Here is a small example to set things up:
[Unit]
Description=Amcat4 API
After=network.target
Requires=elasticsearch.service
[Service]
Type=simple
User=amcat
Group=amcat
WorkingDirectory=/srv/amcat/amcat4
Environment=AMCAT4_ELASTIC_HOST=http://localhost:9200
Environment=AMCAT4_DB_NAME=/srv/amcat/amcat4.db
ExecStart=/srv/amcat/env/bin/uvicorn \
--proxy-headers \
--forwarded-allow-ips='*' \
--workers=2 \
--no-access-log \
--uds /tmp/amcat.socket \
--root-path /api \
amcat4.api:app
ExecReload=/bin/kill -HUP ${MAINPID}
RestartSec=1
Restart=always
[Install]
WantedBy=multi-user.target
In the above service, we run the AmCAT server as the user amcat
. To create this user and hand over the ownership of the AmCAT server folder to it use:
sudo useradd amcat
sudo chown -R amcat:amcat /srv/amcat
Then you can start the service and enable it to run on startup:
sudo systemctl daemon-reload
sudo systemctl start amcat.service
sudo systemctl enable amcat.service
Now you can check if everything is working with
systemctl status amcat.service
● amcat.service - Amcat4 API
#> Loaded: loaded (/etc/systemd/system/amcat.service; enabled; vendor preset: enabled)

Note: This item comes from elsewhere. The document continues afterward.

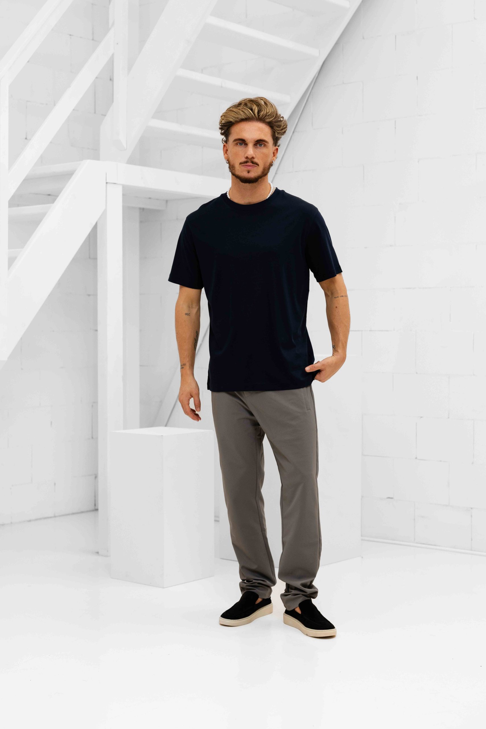 Brandon is 1 meter 80 lang, zijn gewicht is 76 kilo en hij draagt een maat M top en een maat 32 broek.

#> Active: active (running) since Thu 2022-11-03 10:39:23 CET; 3min 29s ago
#> Main PID: 197173 (uvicorn)
#> Tasks: 4 (limit: 33532)
#> Memory: 86.8M
#> CPU: 1.770s
#> CGroup: /system.slice/amcat.service
#> ├─197173 /srv/amcat/env/bin/python3 /srv/amcat/env/bin/uvicorn --proxy-headers --forwarded-allow-ips=* --workers=2 --no-access-log --uds /tmp/amcat.socket --root-path /api amcat4.api:app
#> ├─197174 /srv/amcat/env/bin/python3 -c from multiprocessing.resource_tracker import main;main(4)
#> ├─197175 /srv/amcat/env/bin/python3 -c from multiprocessing.spawn import spawn_main; spawn_main(tracker_fd=5, pipe_handle=7) --multiprocessing-fork
#> └─197176 /srv/amcat/env/bin/python3 -c from multiprocessing.spawn import spawn_main; spawn_main(tracker_fd=5, pipe_handle=9) --multiprocessing-fork
If something went wrong, you can troubleshoot with sudo journalctl -eu amcat.service
.
2.4 Frontend
2.4.1 amcat4client
If you have checked port 5000 of your new AmCAT server while testing it above (i.e., http://0.0.0.0:5000
), you were probably disappointed by a simple {"detail":"Not Found"}
message. This is because the client has been split from the main package to make it easier to develop. You can install the React client next to AmCAT in/srv/amcat4client
using:
cd /srv/
sudo git clone https://github.com/ccs-amsterdam/amcat4client.git
sudo chown -R $USER: amcat4client
cd amcat4client
npm install
If you get error messages about outdated versions of dependencies (which is likely on Ubuntu and Debian) you should update Node.js
. On Debian, you can do this likes so:
su
curl -fsSL https://deb.nodesource.com/setup_19.x | bash - &&\
apt-get install -y nodejs
exit
And the equivalent on Ubuntu:
curl -fsSL https://deb.nodesource.com/setup_19.x | sudo -E bash - &&\
sudo apt-get install -y nodejs
See this repository for instructions for other Linux flavours.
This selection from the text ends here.